*Excerpted records*.
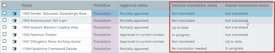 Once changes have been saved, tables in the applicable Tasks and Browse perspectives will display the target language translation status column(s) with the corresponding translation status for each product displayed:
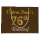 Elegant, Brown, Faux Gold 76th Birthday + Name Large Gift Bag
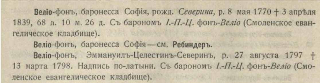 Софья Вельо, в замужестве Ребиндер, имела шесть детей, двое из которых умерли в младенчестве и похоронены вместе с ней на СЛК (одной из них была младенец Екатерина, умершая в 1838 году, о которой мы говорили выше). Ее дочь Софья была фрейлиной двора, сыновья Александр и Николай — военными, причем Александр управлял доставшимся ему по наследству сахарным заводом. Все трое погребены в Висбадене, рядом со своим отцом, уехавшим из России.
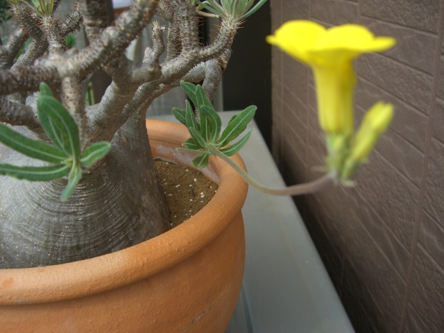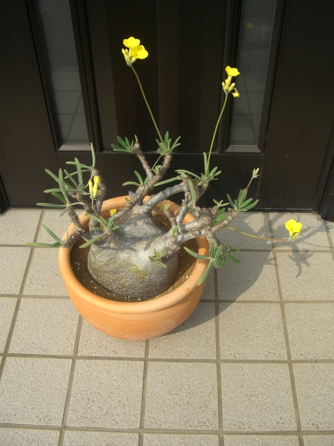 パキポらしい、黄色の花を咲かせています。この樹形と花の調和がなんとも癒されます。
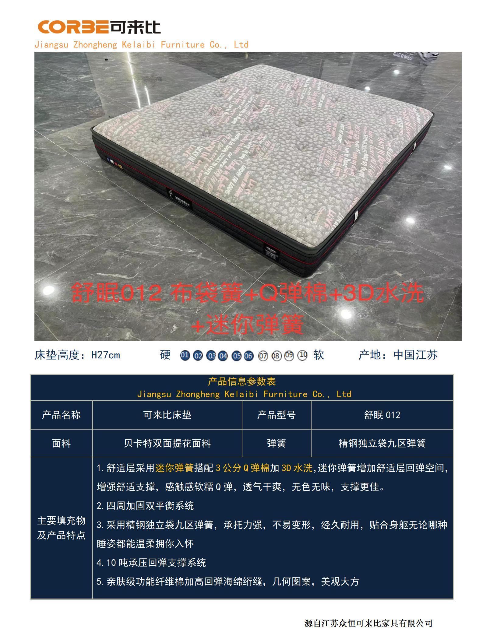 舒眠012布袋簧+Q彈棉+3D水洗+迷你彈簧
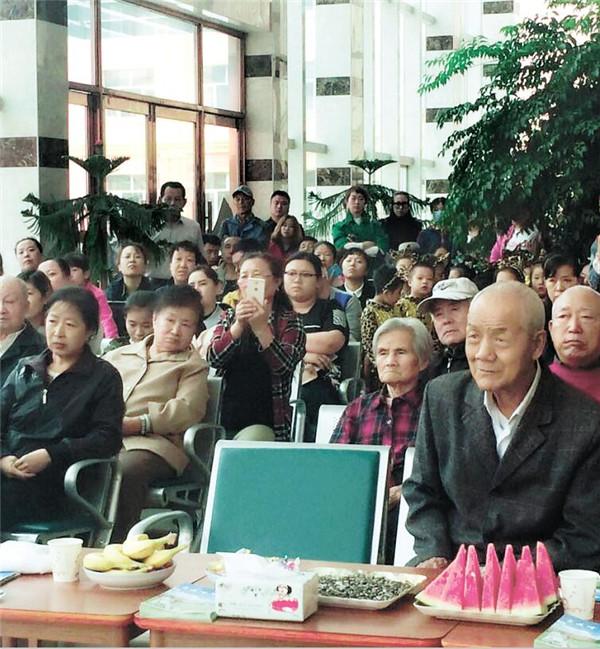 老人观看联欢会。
--
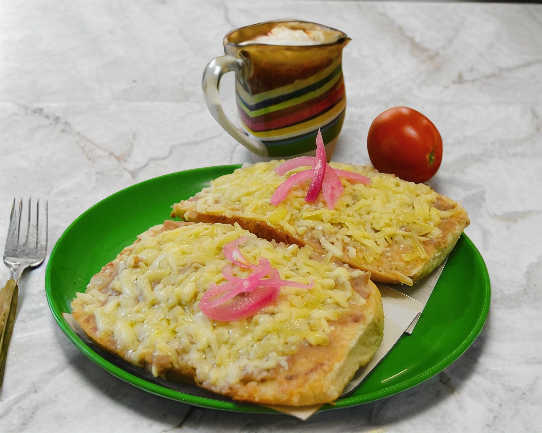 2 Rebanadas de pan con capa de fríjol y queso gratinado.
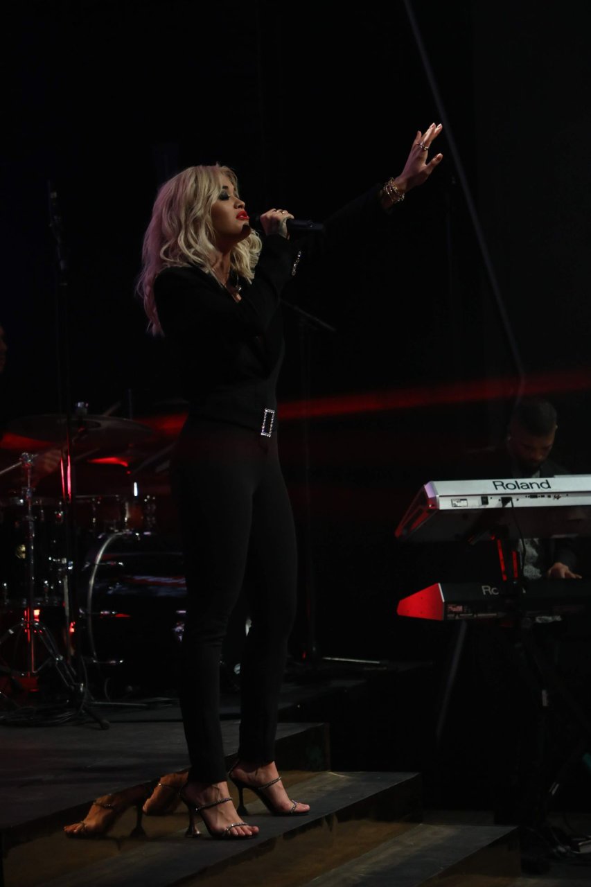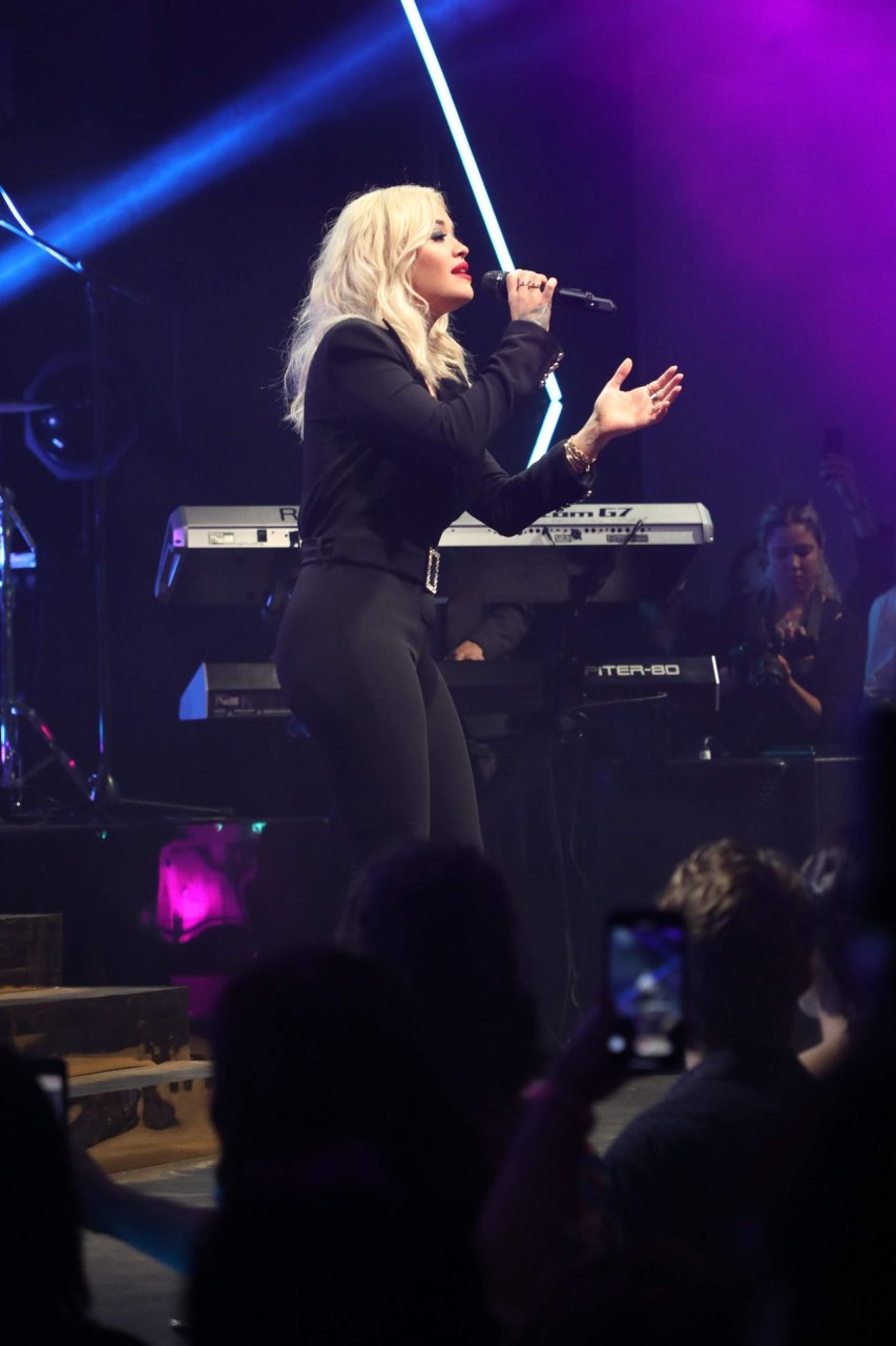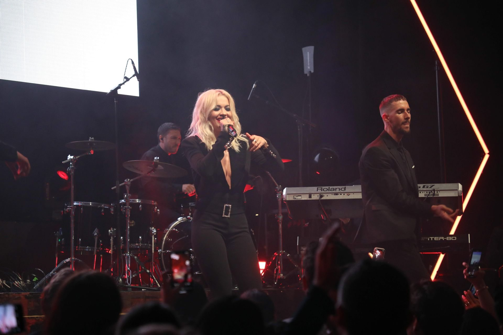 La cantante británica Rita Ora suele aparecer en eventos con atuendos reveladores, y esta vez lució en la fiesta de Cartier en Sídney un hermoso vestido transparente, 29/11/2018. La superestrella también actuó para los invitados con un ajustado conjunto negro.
---
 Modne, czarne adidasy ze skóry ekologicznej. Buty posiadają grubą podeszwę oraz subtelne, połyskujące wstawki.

*What to do*.
Starting at the line containing "2 Rebanadas de" and stopping at the line containing "La cantante británica", output each line exactly as it appears above. Leave out the pictures.

*Response below*.
 2 Rebanadas de pan con capa de fríjol y queso gratinado.
 La cantante británica Rita Ora suele aparecer en eventos con atuendos reveladores, y esta vez lució en la fiesta de Cartier en Sídney un hermoso vestido transparente, 29/11/2018. La superestrella también actuó para los invitados con un ajustado conjunto negro.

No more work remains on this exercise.